*** Block opens ***

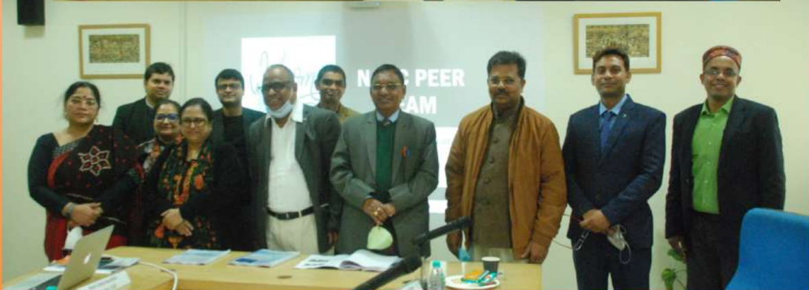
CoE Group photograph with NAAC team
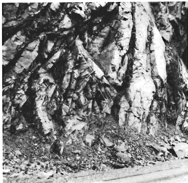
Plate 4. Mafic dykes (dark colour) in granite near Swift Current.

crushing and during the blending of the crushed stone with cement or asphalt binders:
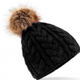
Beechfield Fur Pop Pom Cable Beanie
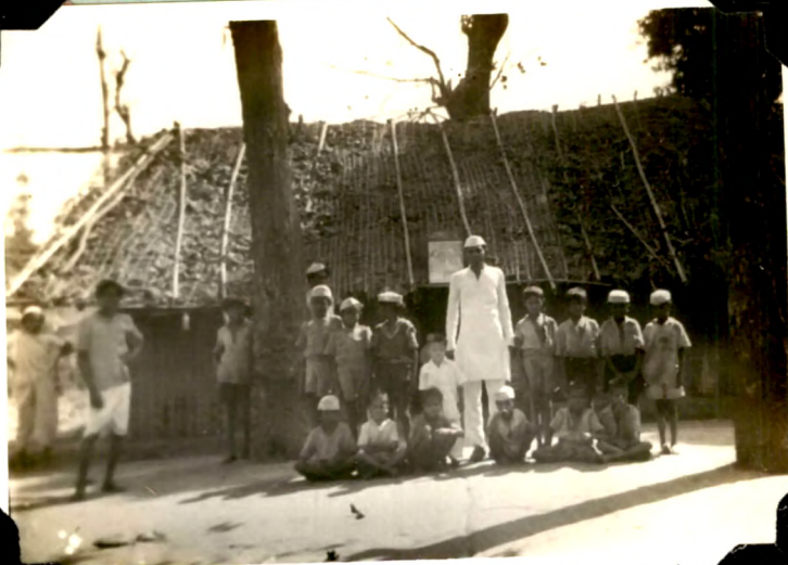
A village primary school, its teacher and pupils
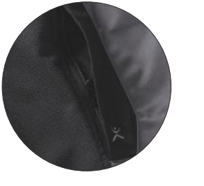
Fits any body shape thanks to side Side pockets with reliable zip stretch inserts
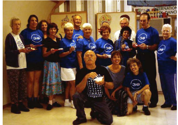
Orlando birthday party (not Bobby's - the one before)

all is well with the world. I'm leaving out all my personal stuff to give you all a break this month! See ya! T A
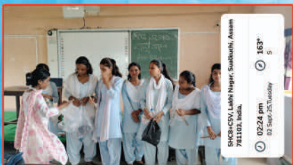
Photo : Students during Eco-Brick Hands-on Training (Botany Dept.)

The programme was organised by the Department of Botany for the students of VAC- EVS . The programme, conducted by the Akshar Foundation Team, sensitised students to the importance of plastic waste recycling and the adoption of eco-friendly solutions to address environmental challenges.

*** Block closes ***

• WHAT IS NEEDED
From the opening line of the entries, copy each line exactly until the line with "Fits any body", which is copied as well; leave out pictures.

• RESPONSE TO THIS TASK
CoE Group photograph with NAAC team
Plate 4. Mafic dykes (dark colour) in granite near Swift Current.

crushing and during the blending of the crushed stone with cement or asphalt binders:
Beechfield Fur Pop Pom Cable Beanie
A village primary school, its teacher and pupils
Fits any body shape thanks to side Side pockets with reliable zip stretch inserts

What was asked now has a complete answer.